Hillman is the first to tell you he's not a fancy guy. The eldest of four children born to working-class parents, Hillman was raised in Newton on powdered milk and macaroni and cheese. He worked his way through Babson College at a Wonder Bread factory. (Stacking Twinkies, he likes to joke, was good training for dealing with lawmakers.)

He met his wife, Thérèse, a schoolteacher, when she was a waitress at Friendly's; on their honeymoon in Maine, their big splurge was a 2-pound lobster, washed down with Pepsi brought from home.

He now earns one of the largest pensions on the state payroll, $105,000 a year, but he is as frugal as they come. He prefers diners to restaurants and bought his beloved bicycle for $100 at a toy store. His wife buys his suits at TJ Maxx, and she hems the cuffs herself.

``There are no tailors in my life," he said.

Though he graduated from Suffolk Law School before he joined the State Police, Hillman sounds like a homicide detective. When he talks public safety, houses become ``dwellings" and cars become ``vehicles."

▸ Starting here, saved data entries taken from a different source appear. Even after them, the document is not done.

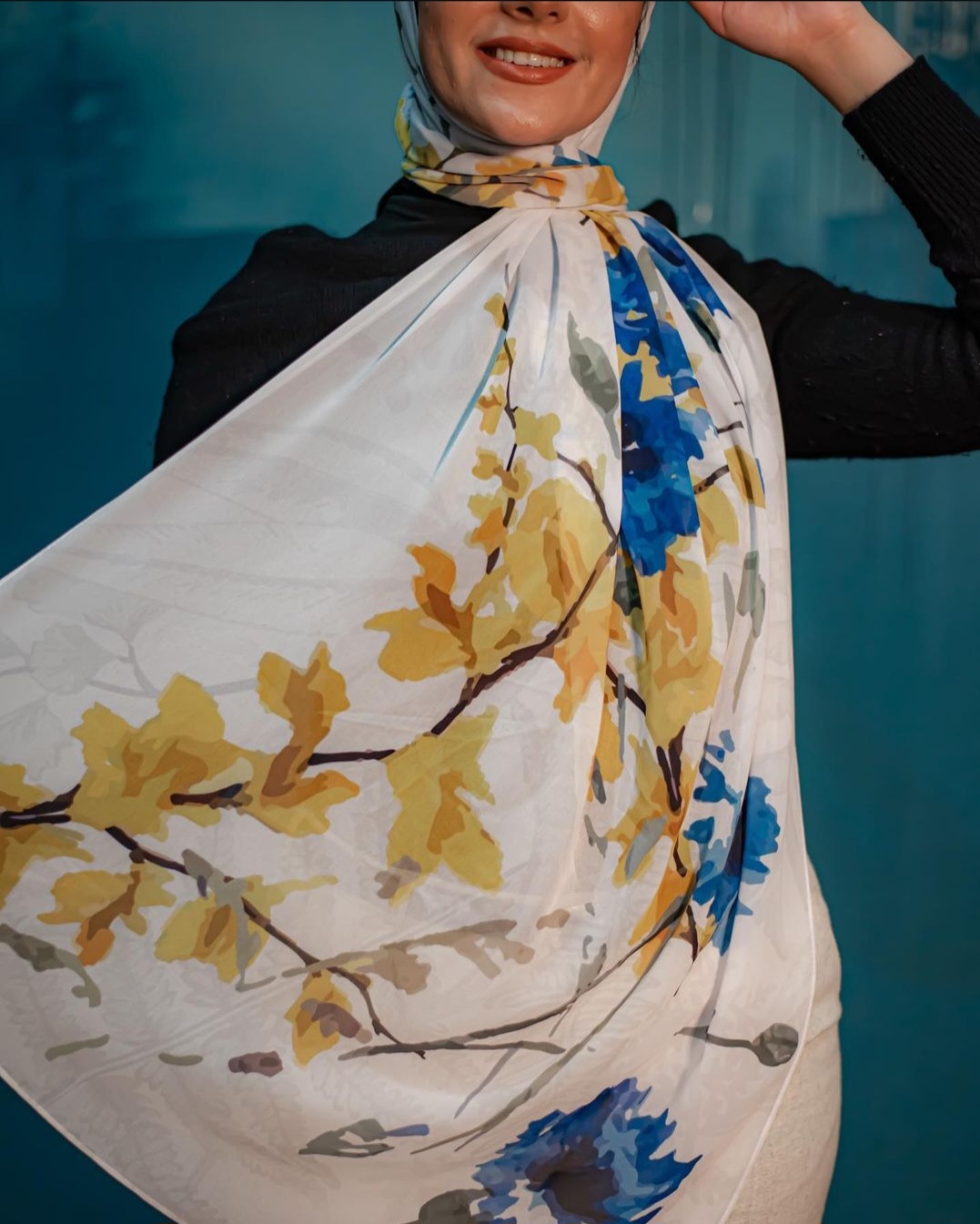 A vibrant hijab featuring a captivating pattern of blue and yellow flowers on a crisp white background. Perfect for adding a touch of spring to any outfit.
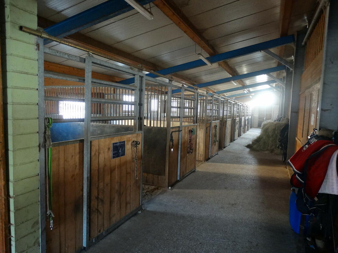 Des weiteren verfügt die Anlage über ein neues Stallgebäude mit 10 Paddockboxen mit einer größe von 12m2 und einen Paddock von 20m2.
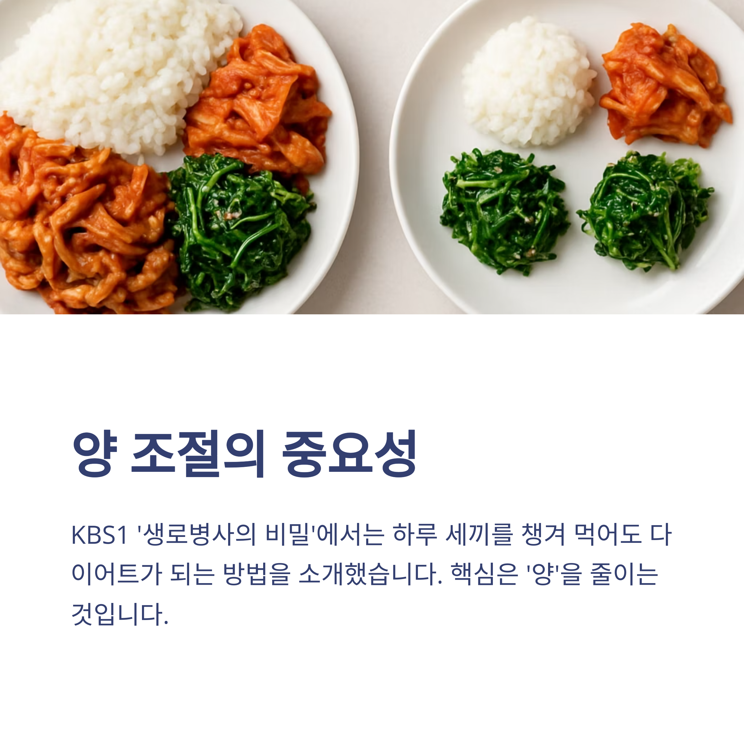 | 양 조절 | '생로병사의 비밀'에서 하루 3끼 유지하며 소량식사로 체중 감량 성공 |
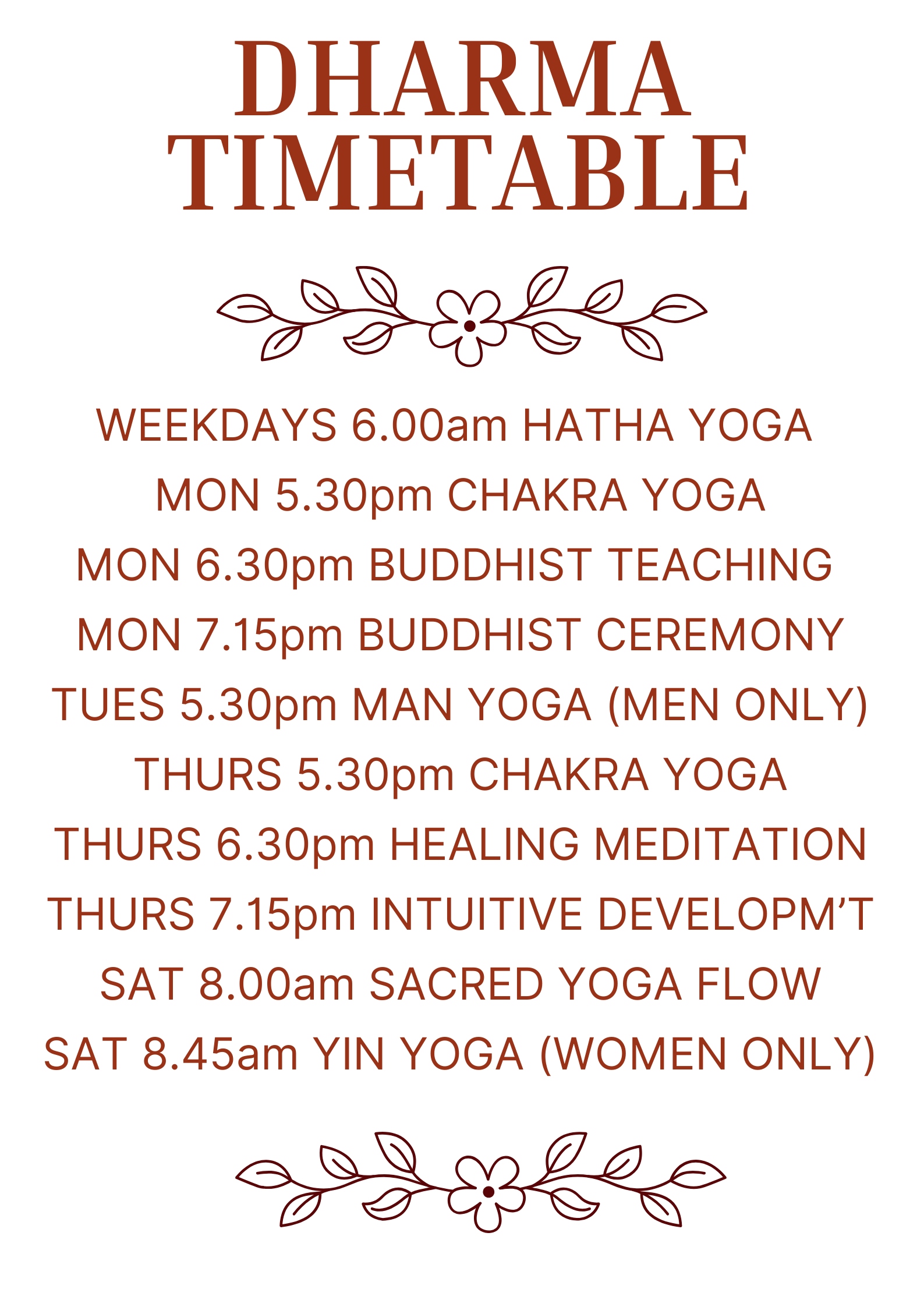 As the Dharma Centre operates within our Health store, the doors are locked once class begins.

Capping a 25-year career with the State Police, Hillman served as colonel for his last three years. He retired in 1999 and won a special election for state representative. He served most of three terms, championing legislation to toughen laws against drunken driving, among other public safety bills.

He decided not to run again in 2004. The next year, he was one of Romney's five nominees for US marshal for Massachusetts.

The Bagel Inn was the first of many stops in Holden (town number 75) on a six-hour tour of small towns in Central Massachusetts on Monday.

In nearby Rutland, he talked recycling and nurse staffing with customers at Heavy Evie's Happy Kitchen. He admired a Colonial-era military uniform at the Historical Society, where elderly ladies clipping century-old magazines admired his bearing. ``Always at attention," he agreed. ``That's 25 years of training."

In Hubbardston, he told police that he was on familiar turf, saying, ``This was part of my patrol area when I was at the Athol barracks." He spoke with a selectman about education-funding reform. At the fire station, he asked a pair of paramedics how many ``defibs" (defibrillators) the town had and congratulated them on their work.

In Westminster, he had his picture taken in front of the famous old Westminster Cracker Factory, then headed to a pizza joint where he shook hands with a quartet of masons, waving off their warnings that their hands were dirty. ``That's backbreaking work," he said.

Then it was on to Sterling, where he toured the Town Hall, shook hands in yet another coffee shop, and posed for a snapshot in town center with the lamb statue (a tribute to the ``Mary Had a Little Lamb" lyric, which some say was coined by a local boy about his schoolmate, Mary Sawyer, and her pet lamb). Along the way, he met an elderly supporter wearing a Romney-Healey baseball cap.

``You've got to paint that over," he said with a grin.